Binaries usually suffer from blinkered vision. While one section has strong belief in the left’s redemptive power and sees a virile bloom in its upsurge, the other sees only gloom and doom. The analysis of the recent Bolivian election too conforms to this pattern. Such prognosis of Latin American politics is at once admirably catholic and regrettably myopic.
This paper seeks to contextualize the victory of the Movement Toward Socialism (MAS) in Bolivia and attempts a critical analysis of the new Latin American left and its agendas and trajectories.
Left on comeback trail or Bolivian exceptionalism?
Bolivians have shown an abiding faith in the Movement Towards Socialism (MAS), electing Luis Arce, the party’s presidential candidate, with a staggering majority. It is a vindication of MAS’s popularity and legacy of Evo Morales leadership. Should the election of Luis Arce be seen as a harbinger of re-emergence of Latin American left, a Pink Tide 2.0 in the region or is it a case of Bolivian exceptionalism?
Luis Arce as Finance Minister in the Morales government was the architect of the “Bolivian miracle”. The triumph of MAS is no less a victory of Arce, an academic, low-profile and soft-spoken leader. He ran a smart campaign and avoided inflammatory utterances and Morales rhetoric. The former Finance Minister has been rewarded for successfully managing the country’s economy with significant poverty reduction, inflation control and unprecedented growth for almost 14 years. Interestingly, Arce’s vice-presidential candidate David Choquehuanca had opposed Morales’ decision to run for the fourth term.
MAS has moved away from Morales’ style of governance. It is now more institutionalised than ever before. Bolivia has demonstrated that there is no need for extreme populism or violation of democratic process to win. Democracy can triumph without establishing presidencies for life or manipulating constitutional procedures.
Bolivia under the interim president Jeanine Áñez had retreated into neoliberal wilderness. The intervening period in Bolivian history will be known for racist state oppression. According to a report of the Harvard School’s International Human Rights Clinic and the University Network for Human Rights, the month of the coup was “the second deadliest month in terms of civilian deaths committed by state forces since Bolivia became a democracy nearly four decades ago.Bolivia has recovered from that dark phase and it needs to follow a pragmatic policy. President Arce has made right kind of noise assuring the people that Bolivia is back on democratic rails. He said, “We are going to create a government of national unity. Without hate and learning from our mistakes as Movement towards socialism.”
As to the victory of MAS, two factors deserve special mention. Firstly, state repression apart, the interim government was plagued by various corruption scandals and the Áñez government was never in control (Áñez had 34 different cabinet ministers in less than a year). Jeanine Áñez became even more unpopular when she announced her candidacy for the 2020 presidential elections, after having said that she wouldn’t contest elections. Her constant refusal to act as a transitional president effectively boosted Morales and his party, reminding Bolivians why they had supported MAS in the first place.
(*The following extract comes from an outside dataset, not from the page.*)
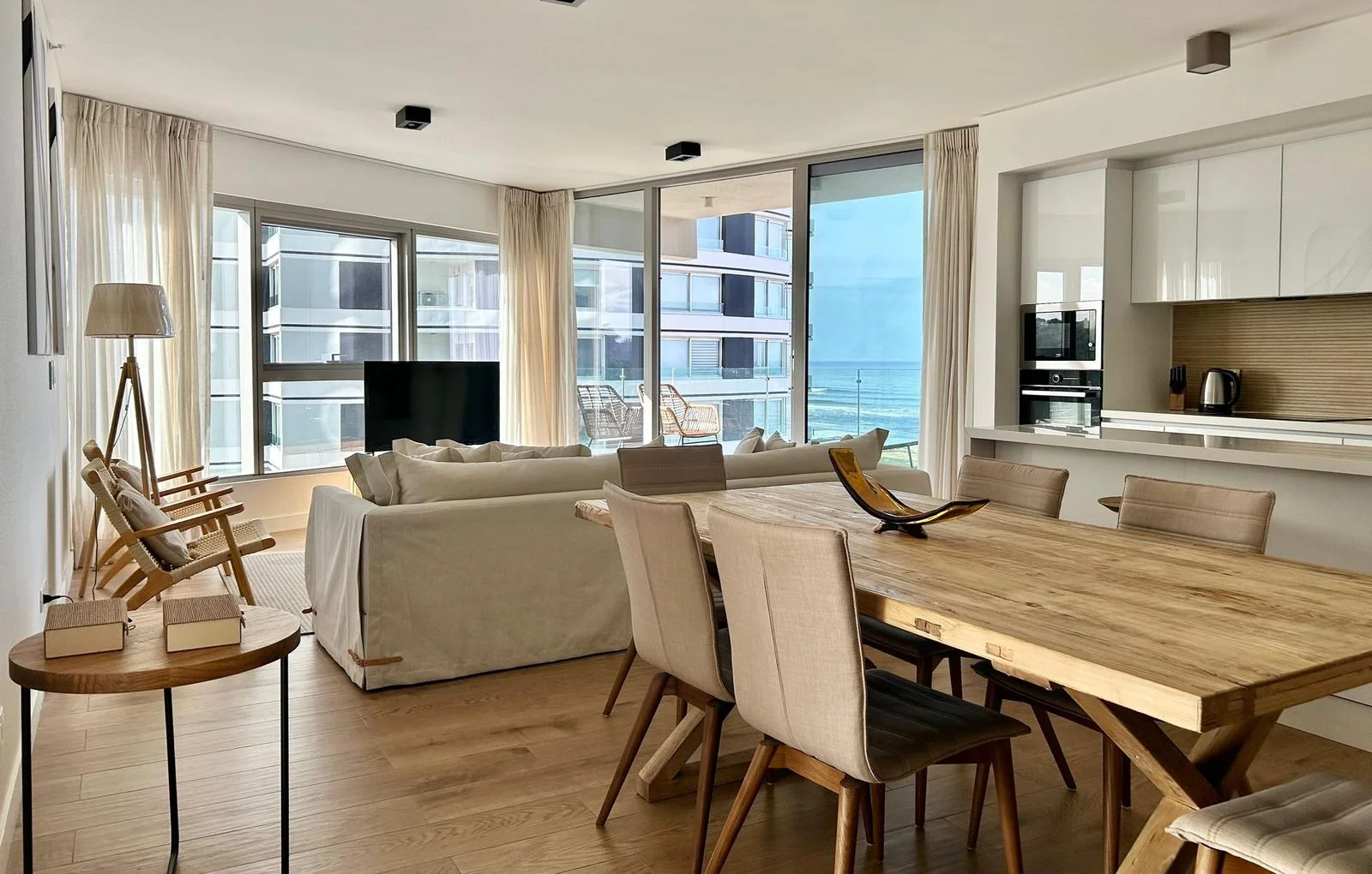 Espectacular departamento a estrenar frente al mar totalmente equipado para vivir todo el año.Living comedor esquinero con cocina integrada totalmente equipada, salida a la terraza. Toilette.

Secondly, while Morales legacy may have helped mobilise people in favour of MAS, it is more likely that Evo’s absence helped strengthen MAS and “enabled the rise of a new group of leaders”.The credit for an impressive turn of events equally goes to Arce’s moderate temperament and his technocratic style that set him apart from Morales. But he will need to guard against populist forces hijacking the government’s agenda. President Arce must ensure that Bolivia doesn’t go the Argentina or the Ecuador way: In Argentina, Cristina Fernández de Kirchner, facing corruption charges, returned to office as the Vice president and promoted Alberto Fernández – who won by a large majority- as her party’s presidential candidate. He has been living under her shadow and has struggled to hold firm control of power. In Ecuador, Rafael Correa and his successor,Lenín Moreno have ended up becoming arch rivals.
Though Arce has said that Morales will have no part in this government, it remains to be seen whether Evo Morales stays on the periphery or Arce mirrors the trajectory of Lenin Moreno, who succeeded Rafael Correa in the name of continuity but reversed sharply the previously held stances and policies of the government. Arce will be governing a country which is now quite divided, economically weakened, far from the economic boom experienced by Morales, and lacks good diplomatic relations with several neighbours in the region. Arce’s government has an opportunity to rebuild these relations as most Latin American countries and the United states have welcomed Arce and expressed their wish to establish good relations.
All said, Bolivians have disavowed 12 months of a thuggish administration and rejected a period of ugliness, divisiveness, racism and sustained onslaught on democracy. The vote is as much a vindication of MAS’s legacy as a vote against Áñez government’s daylight delinquency. The OAS, the Carter Centre and the European Union have commended Bolivia for holding a clean and transparent election. British playwright Tom Stoppard had once said, “it is not the voting that is democracy, it is the counting”. Bolivia has sent a powerful message as well as a warning to nascent and struggling democracies around the world.
Revolutionising democracy or democratising revolution?
Till the collapse of the Berlin Wall and the disintegration of the Soviet Union, the make-up of the old left revolved around class and nation. The new left has added democracy building as its third axis.The demise of the old left is universally acknowledged. If the old left articulated and defended the interests of the proletariat, the new left is championing the interests of the ‘pobretariado’, the poor and disenfranchised class as victims of exploitation and social exclusion.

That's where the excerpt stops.